Dr. Terrence Roberts to Speak at NSSSA Luncheon Constitution A – NSSSA Members Only

Dr. Terrence Roberts,

At the age of fifteen, Terrence Roberts, along with eight other black teenagers, faced daily harassment to integrate Central High School in Little Rock, in 1957. These courageous students became known to the nation as the Little Rock Nine.

A graduate of California State University at (BA), and UCLA (MSW), Dr. Roberts obtained his Ph.D. in psychology from Southern Illinois University in Carbondale, Illinois. He is now a professor in the Master's in Psychology Program at Antioch University.

A much sought after speaker, Dr. Roberts also heads a management consultant group dedicated to improving human relations in the workplace. Since 1998 he has been the official desegregation consultant for the Little Rock, Arkansas School District, and provides similar services to school districts around the nation.

Throwing off the yoke

(From the Memphis Daily News- Dr. Roberts - after presentation at Facing History Dinner)

By 1955, the Little Rock School Board had decided to cooperate with the high court's decision, submitting a plan for gradual integration starting in the 1958 school year, which would begin in September 1957. The plan was approved unanimously.

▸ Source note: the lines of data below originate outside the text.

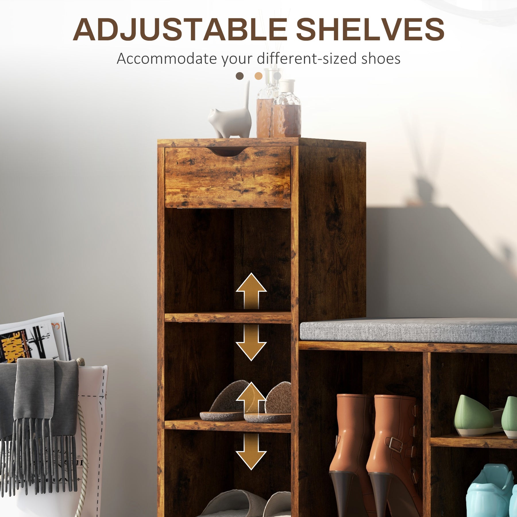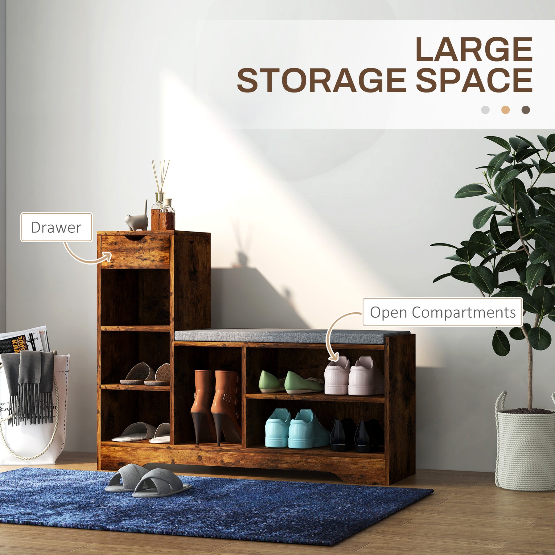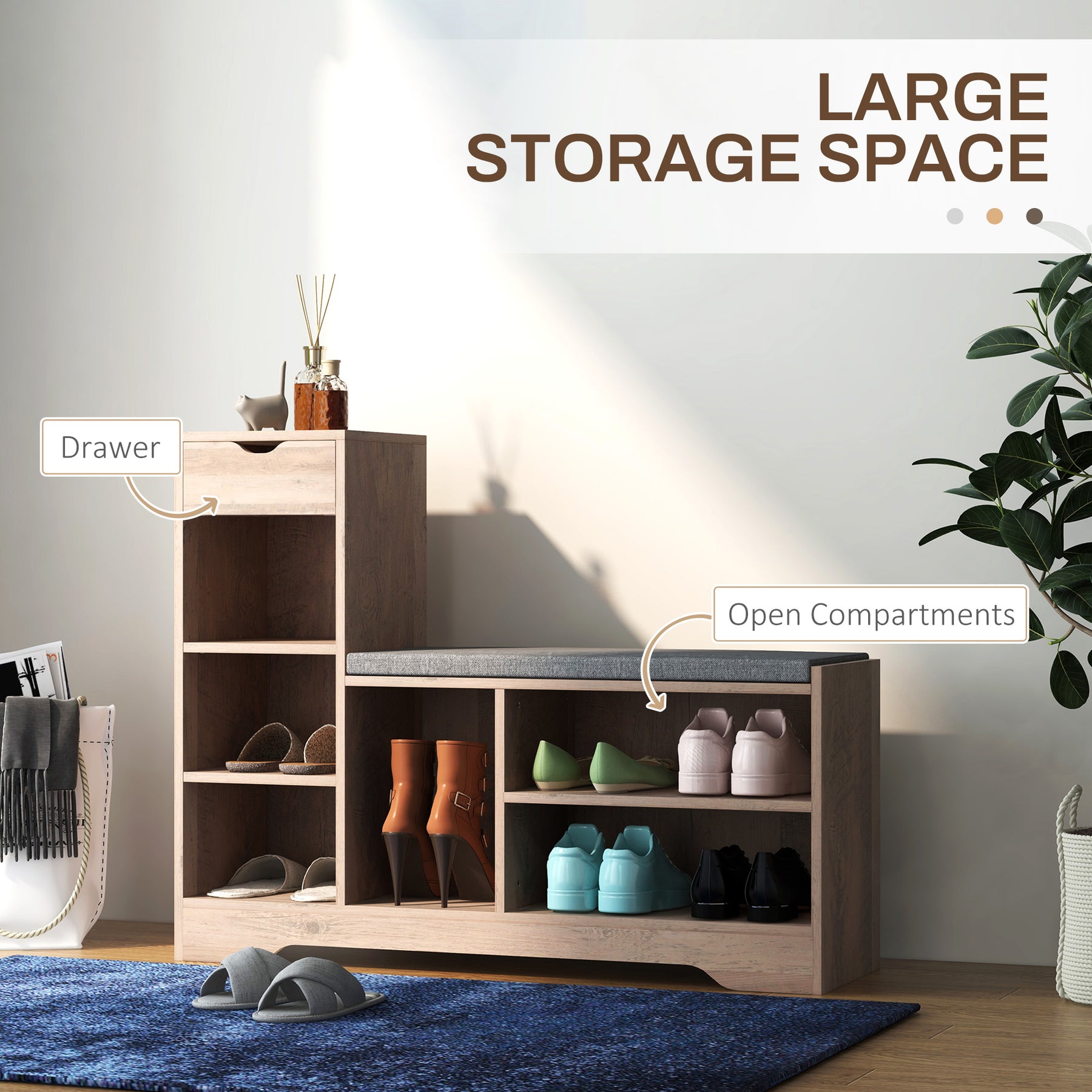It's time to organize your shoes with our HOMCOM shoe bench. Its simple and modern look makes it pair well with any décor in your room. You can put shoes, keys and anything else you would like in the drawer and shelves to enable space in your home. The open design makes it easy to find your shoes at once. Also, our HOMCOM shoe bench can be used as a storage unit in the living room, entryway and other places. Keep your shoes neatly and tucked away with our multi-use bench with storage.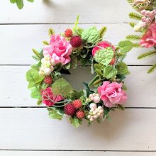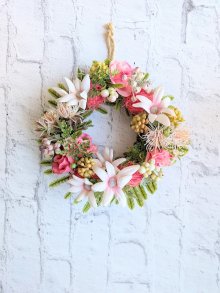 フランネルフラワーとピンクローズのアーティフィシャルフラワーリースとミニリース(2点セット)[a20261003]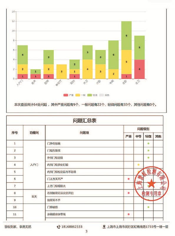 去年5月,倪阿姨在嘉定区南翔镇购置一套精装现房,房屋面积约106平方米,总价546万元。倪阿姨坦言,之所以选择现房,是因为自己年过六旬,想省去装修的烦琐,盼着早日安心入住。6月18日交房当天,倪阿姨聘请专业验房机构上门查验,结果让人大跌眼镜。验房师出具的报告显示,房屋10个功能间共查出64处问题,其中严重问题9个、一般问题22个、轻微问题33个。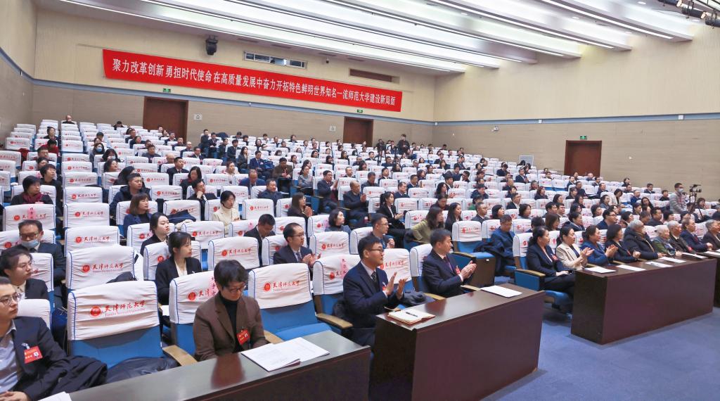 報告從七個方面部署了今后五年的發(fā)展任務(wù)和主要舉措。要全面落實新時代立德樹人工程,提高人才自主培養(yǎng)質(zhì)量,構(gòu)建具有鮮明師大特色的“三全育人”體系,創(chuàng)新卓越教師人才培養(yǎng)模式,深化拔尖人才培養(yǎng)改革,提高研究生培養(yǎng)質(zhì)量和水平。要充分發(fā)揮學科建設(shè)龍頭作用,塑造“雙一流”建設(shè)新動能新優(yōu)勢,建設(shè)一流引領(lǐng)的頂尖學科體系,優(yōu)化交叉融合的學科生態(tài)體系,數(shù)據(jù)賦能促進學科提質(zhì)發(fā)展。要系統(tǒng)推進有組織科研,提升科研創(chuàng)新綜合能力和水平,繁榮發(fā)展哲學社會科學研究,加強重大科技創(chuàng)新平臺建設(shè),推動有組織科研管理體制改革。要深入實施人才強校戰(zhàn)略,打造高素質(zhì)人才隊伍,大力弘揚教育家精神,全方位引進、培育、用好人才,深化人事制度改革。要持續(xù)彰顯教師教育優(yōu)勢特色,服務(wù)天津教育高質(zhì)量發(fā)展,構(gòu)建服務(wù)高質(zhì)量基礎(chǔ)教育師資體系,提升學校基礎(chǔ)教育引領(lǐng)力和影響力,加強基礎(chǔ)教育智庫科學決策咨詢。要全方位推進開放辦學,深化高水平國際交流合作,拓展高質(zhì)量國際合作渠道,構(gòu)建國際教育開放新格局,推動來華留學教育提質(zhì)增效。要統(tǒng)籌優(yōu)化辦學格局和治理體系,形成充滿活力、富有效能的發(fā)展生態(tài),高質(zhì)高效推動校園建設(shè),持續(xù)優(yōu)化學校內(nèi)部治理結(jié)構(gòu)提升治理能力,廣泛凝聚各方力量助力事業(yè)發(fā)展。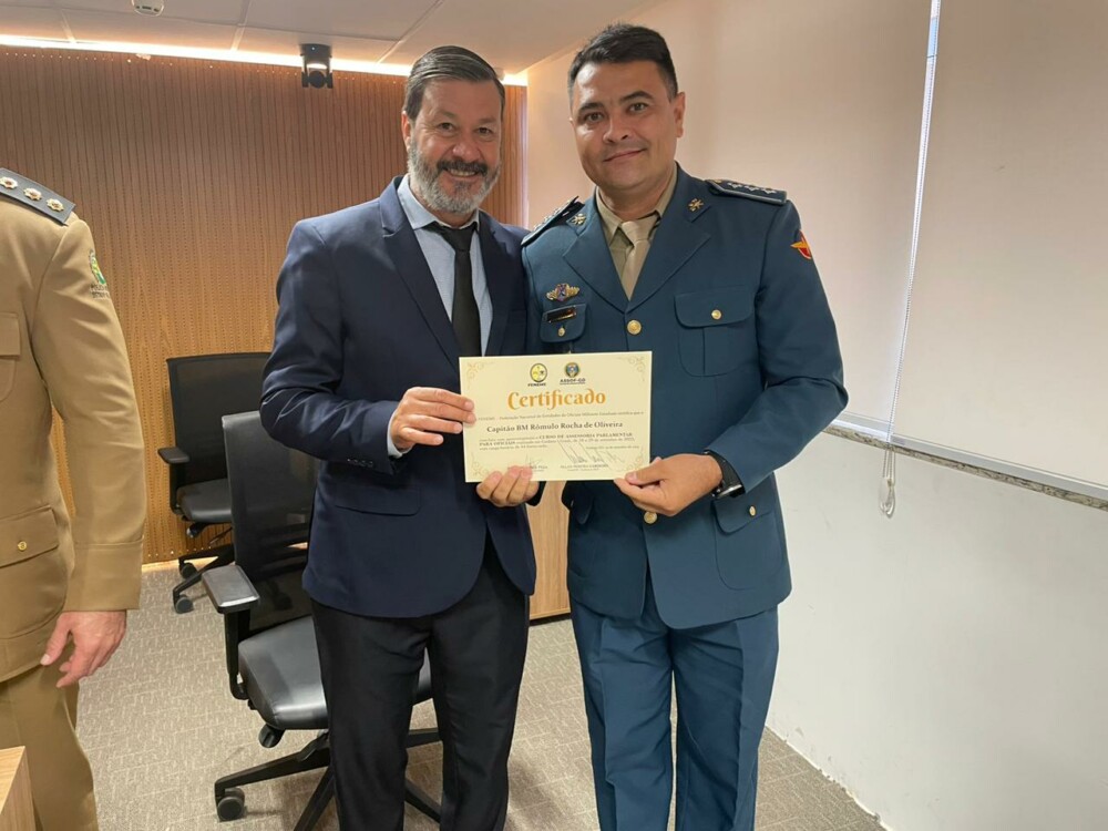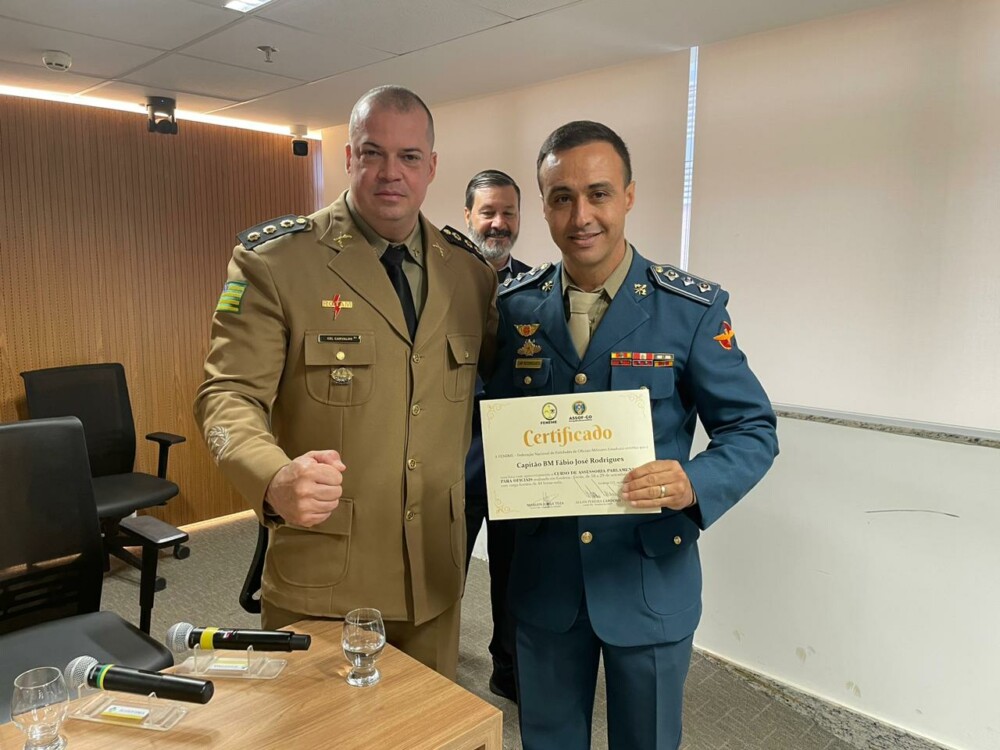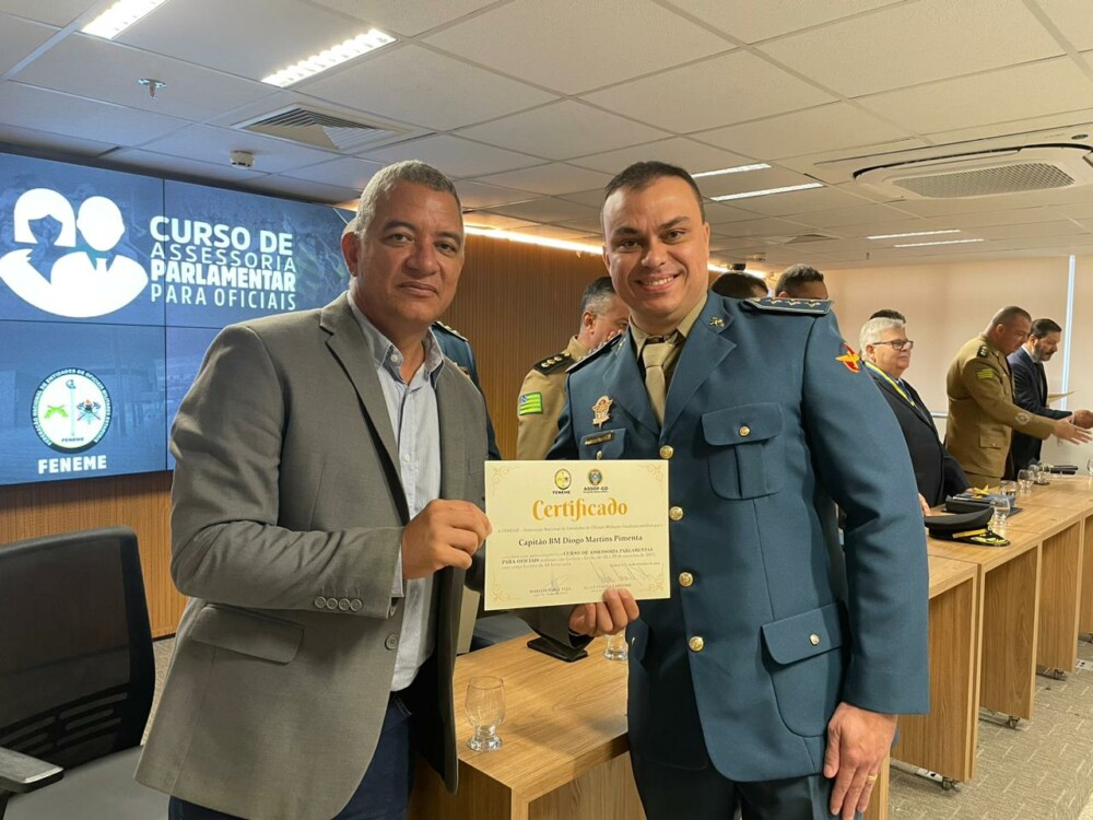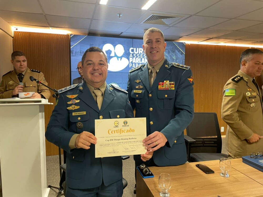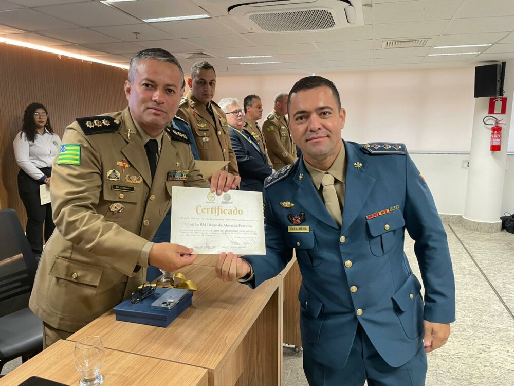 Foi realizada nesta sexta-feira, 29, a solenidade de conclusão do Curso de Assessoria Parlamentar, promovido pela Federação Nacional de Entidades de Oficiais Militares Estaduais (FENEME) em parceria com a Associação dos Oficiais da Polícia e do Corpo de Bombeiros Militares do Estado de Goiás (ASSOF-GO). Oficias do CBMGO participaram do curso.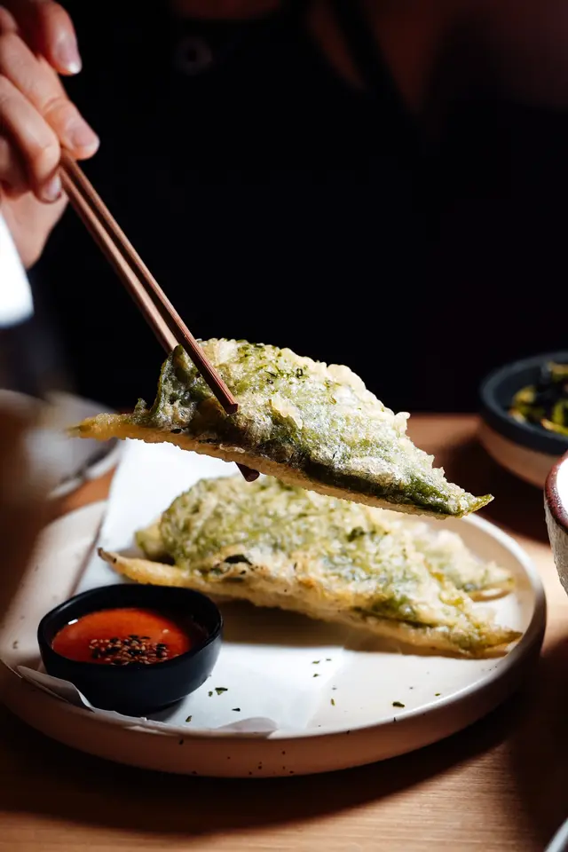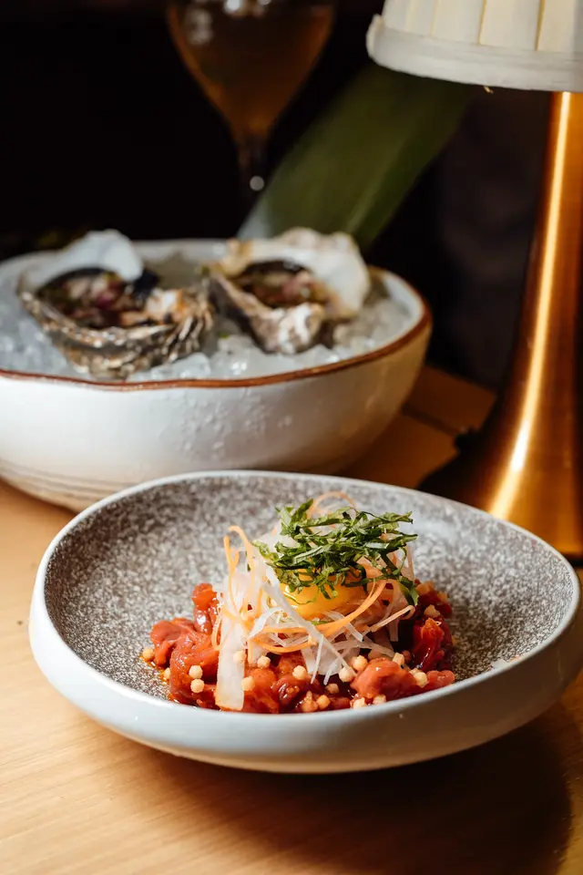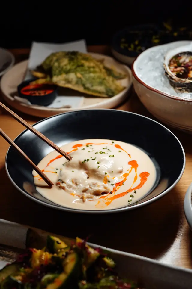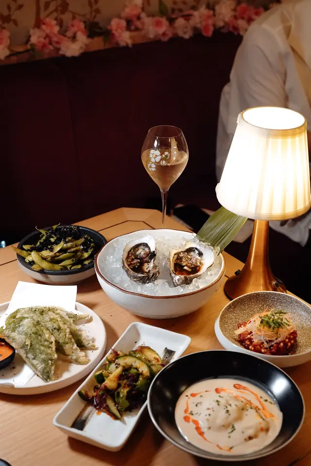 菜式非常豐富✨先有每人一隻新鮮生蠔🦪配以辛辣韓式醬汁及洋蔥莎莎醬。頭盤韓式調味炒枝豆特別香口惹味,而且混入擔擔醬雞肉沙律都甚為出色又有驚喜👍🏻另外仲有香酥紫蘇葉蝦肉天婦羅、韓式風味牛肉他他、及川味青瓜沙律🥗。

By then, the NAACP had registered the Little Rock Nine to attend Central High.

However, segregationists threatened to protest and block the students' entry into the school. Gov. Orval Faubus responded by sending the Arkansas National Guard to support the segregationists. Then, President Dwight Eisenhower got involved, eventually dispatching federal troops to enforce the integration effort and protect the students.

The U.S. Army's 101st Airborne Division remained at the school for the rest of the year, until the school board canceled the 1959 school year rather than integrate.

And while Little Rock's high schools reopened a year later as integrated institutions, Roberts and the other members of the Little Rock Nine - Minnijean Brown, Elizabeth Echford, Ernest Green, Thelma Mothershed, Melba Patillo, Gloria Ray, Jefferson Thomas and Carlotta Walls - took the beating of their lives and made history in the process.

"We were not insane," Roberts said. "We were simply desperate. We knew life under those conditions was virtually no life at all."

Even though he and the others were just teenagers and didn't fully realize the path on which they were about to set their feet, they decided to stand firm without resorting to violence.

On some level, they knew that trying to cut through more than 300 years of second-class citizenship wasn't going to be easy.

"If you understand what's going on, you don't have to respond in kind," he said. "To give in to that primitive impulse to fight would have been joining those folks on their own level."